Burnout Paradise Remastered brings us back to a simpler time, even if bringing out a widely available copy of the original would have accomplished that goal just fine.
Burnout Paradise Remastered (PC, PS4, Xbox One [reviewed with an Xbox One X])
Developer: Criterion Games, Stellar Entertainment
Publisher: Electronic Arts
Released: March 16, 2018
Burnout Paradise has a refreshing sense of freedom, even today. There’s no Fast & Furious family storyline, nor are there on-foot sections or stringent campaigns. You have one mission at the start — repair your car — and then you can do whatever you feel like. Looking for random collectibles (destroyables, really), enter races, or takedown unsuspecting ruffians, it’s your choice.
This sense of aimlessness has been a point of contention for roughly a decade. One could argue that rather than provide pinpoint precise map design Criterion instead aimed to craft an open world adventure first, and a racing game second. When you’re crushing everything in sight while listening to Alice in Chains it’s a rush. When all of those fun new jumps aren’t so new anymore, it can take a lot out of you.
I can get over that feeling of emptiness because of how much Paradise constantly exhumes style. Driving through a shop and repairing your car at full speed is really slick. It’s an arcade racer with a simulator feel: a controversial direction after so many fans had lovingly played “true” iterations like Revenge until their figurative tapes popped. It’s the age-old sports/racing argument, one that plagued Tony Hawk when the series moved from single micro-levels into macrocosmic maps from 4 on. What do I prefer? My answer is always the same: “it depends on the game.”

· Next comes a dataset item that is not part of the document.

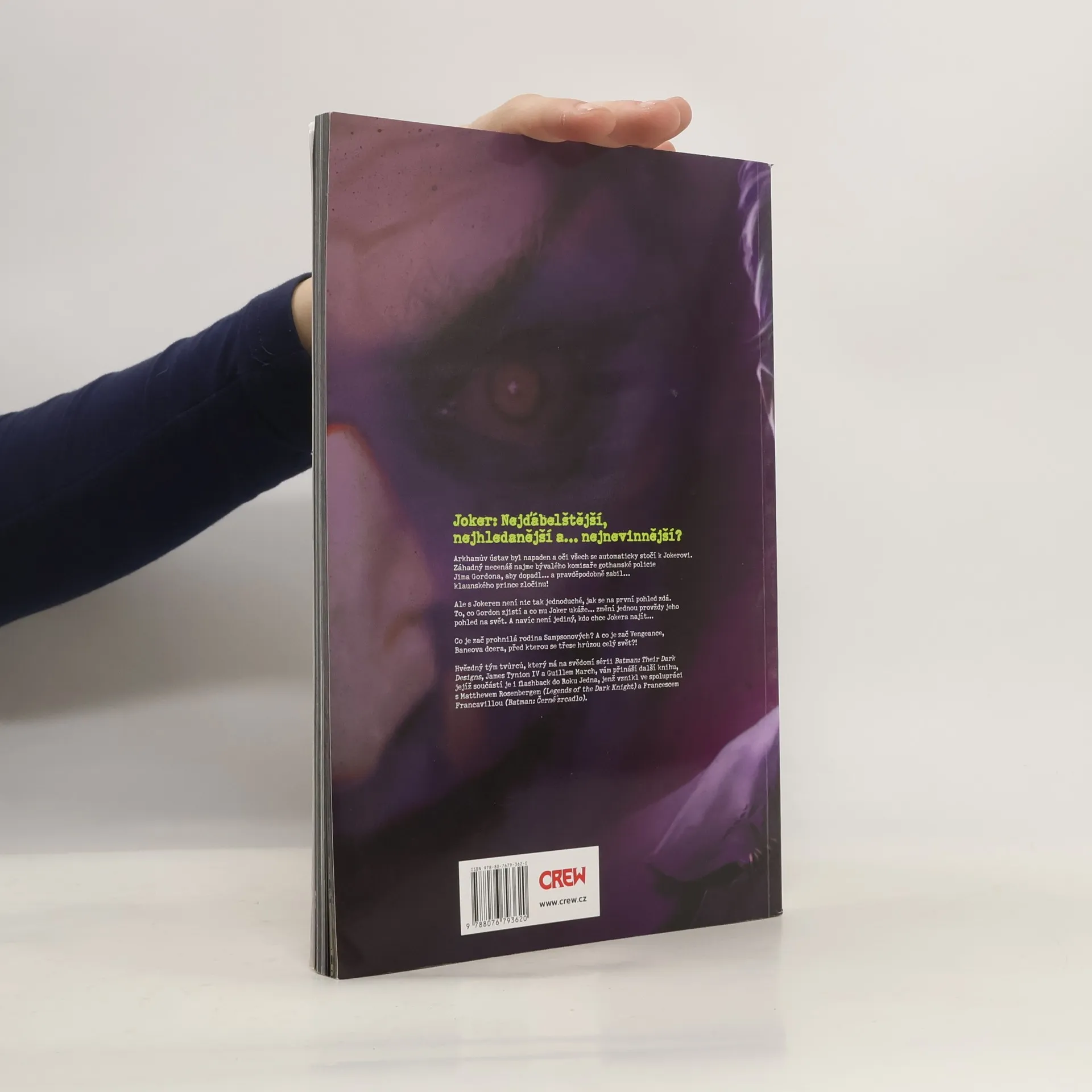 Joker: Nejďábelštější, nejhledanější a… nejnevinnější?Arkhamův ústav byl napaden a oči všech se automaticky stočí k Jokerovi. Záhadný mecenáš najme bývalého komisaře gothamské policie Jima Gordona, aby dopadl… a pravděpodobně zabil… klaunského prince zločinu!Ale s Jokerem není nic tak jednoduché, jak se na první pohled zdá. To, co Gordon zjistí a co mu Joker ukáže… změní jednou provždy jeho pohled na svět. A navíc není jediný, kdo chce Jokera najít…Co je zač prohnilá rodina Sampsonových? A co je zač Vengeance, Baneova dcera, před kterou se třese hrůzou celý svět?!Hvězdný tým tvůrců, který má na svědomí sérii Batman: Their Dark Designs, James Tynion IV a Guillem March, vám přináší další knihu, jejíž součástí je i flashback do Roku Jedna, jenž vznikl ve spolupráci s Matthewem Rosenbergem (Legends of the Dark Knight) a Francescem Francavillou (Batman: Černé zrcadlo).

But this Remaster, despite its sleek framerate, feels old. That’s not necessarily a bad thing as I’m playing Atari and NES-era games week-to-week, but I have a lingering notion that EA and company could have done a little more here to clean up some of the game’s rough spots and further enhance gameplay-centric visuals like better draw distances and the like. For reference my tests were with the Xbox One X at 4K60FPS (a milestone the PS4 Pro can achieve), though regular Xbox and PS4 owners will have to settle for 1080p60.
For its faults and lack of polish, Remastered includes all of the previous DLCs, most notably the Burnout Bikes, Cops and Robbers, and Big Surf Island packs. The latter, my favorite of the bunch, is still accessible from the very start of the game and adds an entirely unique area into the mix. Plopping all the DLC upfront also augments the entire concept of player choice, almost like you’re continuing a familiar save file from 10 years back.
Burnout Paradise Remastered isn’t really worth grabbing if you already have the original. Hell, said original is even backward compatible on the Xbox One right now. Without any prior experience though I would absolutely give Paradise City a spin — even with its faults, it’s still one of the most memorable and mild open worlds in existence.
[This review is based on a retail version of the game provided by the publisher.]